License suspension appears to be a bit like a nuclear weapon: The threat posed is ominous, but there are many compelling reasons not to trigger it. Every revoked license removes a teacher from the workforce. And some officials warn that the reputation created by an overly strict approach could backfire by dissuading teachers from applying for work in a district.

Larry Nyland

"If we are too rigorous in protecting the rights of the district, then we run the risk of being perceived as being uncaring and insensitive to legitimate teacher needs," said Larry Nyland, the human-resources director of the 18,000- student Highline schools in Washington state. "So we don't want to be too Draconian and unfair to our teachers, but we also want to be fair to the students and the taxpayers who are expecting a level of quality in the classroom."

Mr. Nyland's practice has been to allow teachers to get out of contracts once the district finds a replacement.

But some districts believe that taking tough action sends an important message. The 60,000-student Greenville, S.C., school system made a point this year of ensuring that it didn't lose teachers just before the school year began.

The district's approach was two-fold. It announced in the spring that teachers who gave notice of their departures early enough would continue to receive health benefits until the beginning of August; otherwise, the district would stop them when the school year ended in June. In addition, district administrators made clear that, barring extenuating circumstances, they would take action to suspend the credentials of teachers who departed after July 1.

And Greenville kept its promise, persuading the state to take action against about 20 teachers who left after that deadline. Said G. Pat Mitchell, the district's executive director of human resources: "We felt we had no choice but to put some teeth into the employment arrangement."

'You Can't Teach Anywhere'

Another South Carolina system that has refused to give up its employees lightly is the 3,000- student Jasper County schools, which serve a largely low-income community between the Georgia border and the more affluent Beaufort County, S.C. This year, the Jasper schools filed complaints with the state about six such breaches of contract, including those of Ms. Williams and Mr. Eisloeffel, who both left to work in Beaufort.

Charles Boyken, a lawyer for the Jasper district, said last week he would not discuss the details of the case he plans to make at the state school board hearing this week. "The state law is very clear that, in fact, a school district has an obligation to notify the state whenever a teacher doesn't honor their contract," he said.

But a lawyer representing Ms. Williams and Mr.

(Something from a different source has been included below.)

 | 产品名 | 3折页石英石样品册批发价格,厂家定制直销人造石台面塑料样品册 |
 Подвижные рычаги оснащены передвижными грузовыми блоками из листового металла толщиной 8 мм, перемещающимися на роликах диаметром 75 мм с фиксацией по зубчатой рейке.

Eisloeffel countered that both teachers thought they were following the rules when they notified Jasper school officials in late May that they were taking jobs elsewhere.

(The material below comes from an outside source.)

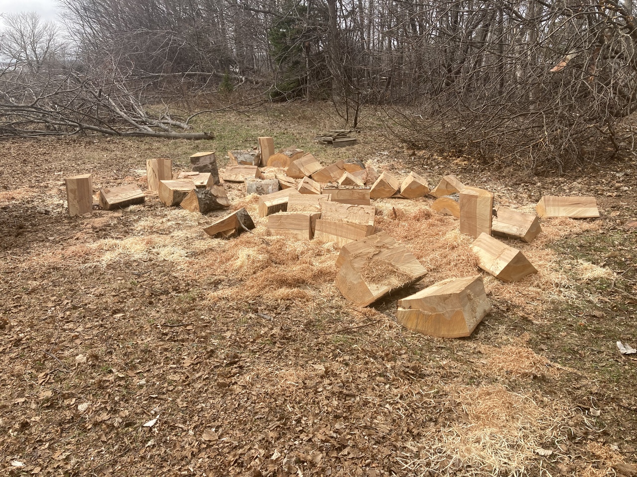 There now. All cut up into bite size pieces. Hehe. Well at least now I should be able to pick them up. Maybe. Loose a lot of wood in sawdust.
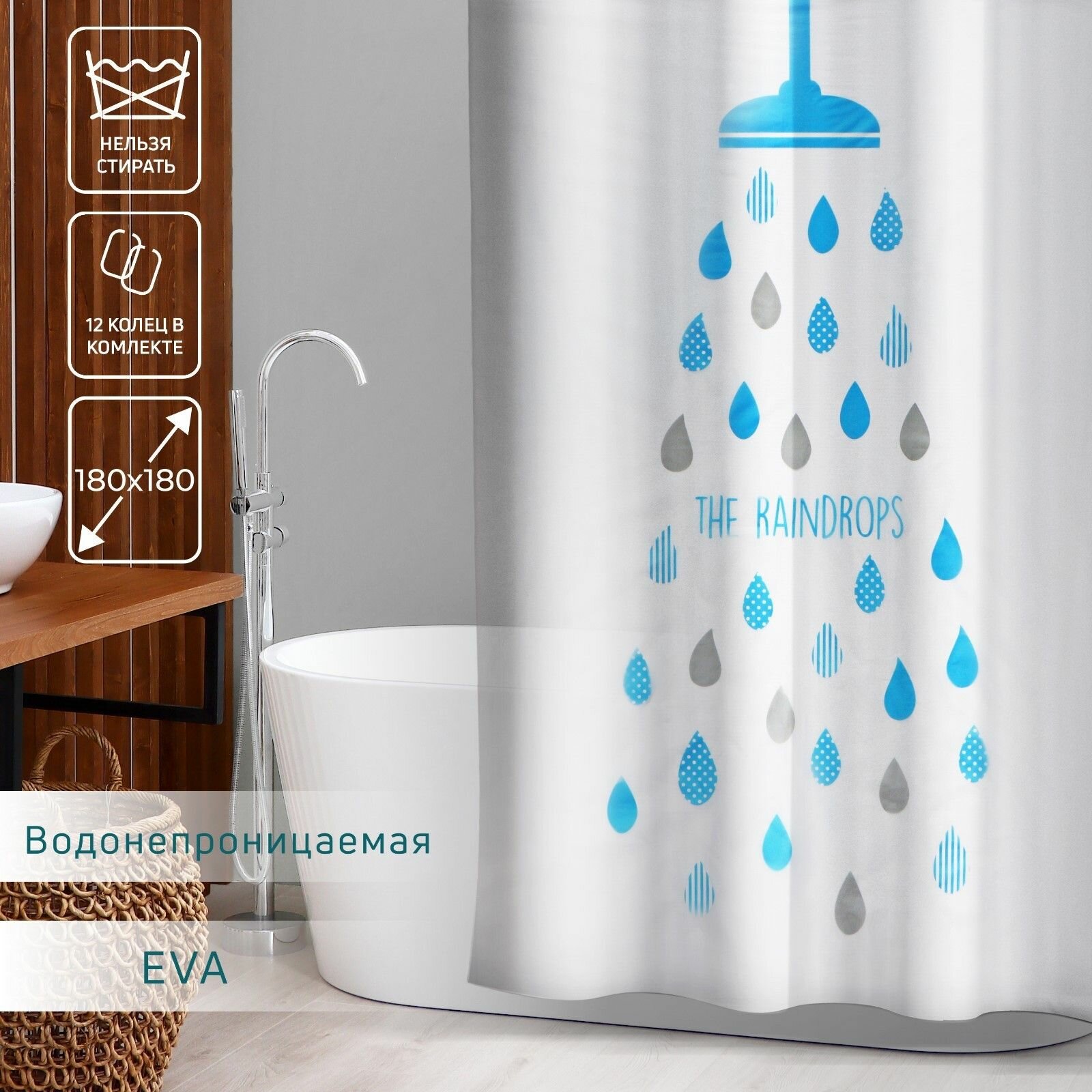 Штора для ванны «Капли», 180×180 см, EVA 998 ₽

In fact, though district officials say teachers are supposed to submit such notification by the beginning of May, the lawyer, Deena S. McRackan, contends that the two educators were told by administrators at their schools that they had until June. Although remaining in Beaufort while awaiting their hearing, the teachers' new district changed their status to that of substitute teachers—and reduced their pay accordingly—after hearing they had not been released by their former district.

Regardless of the particulars the two lawyers are to argue over, Ms. McRackan sees a basic point underlying such cases: "What the district is trying to do is to say, 'If you don't teach here, you can't teach anywhere,' which is not going to help anyone."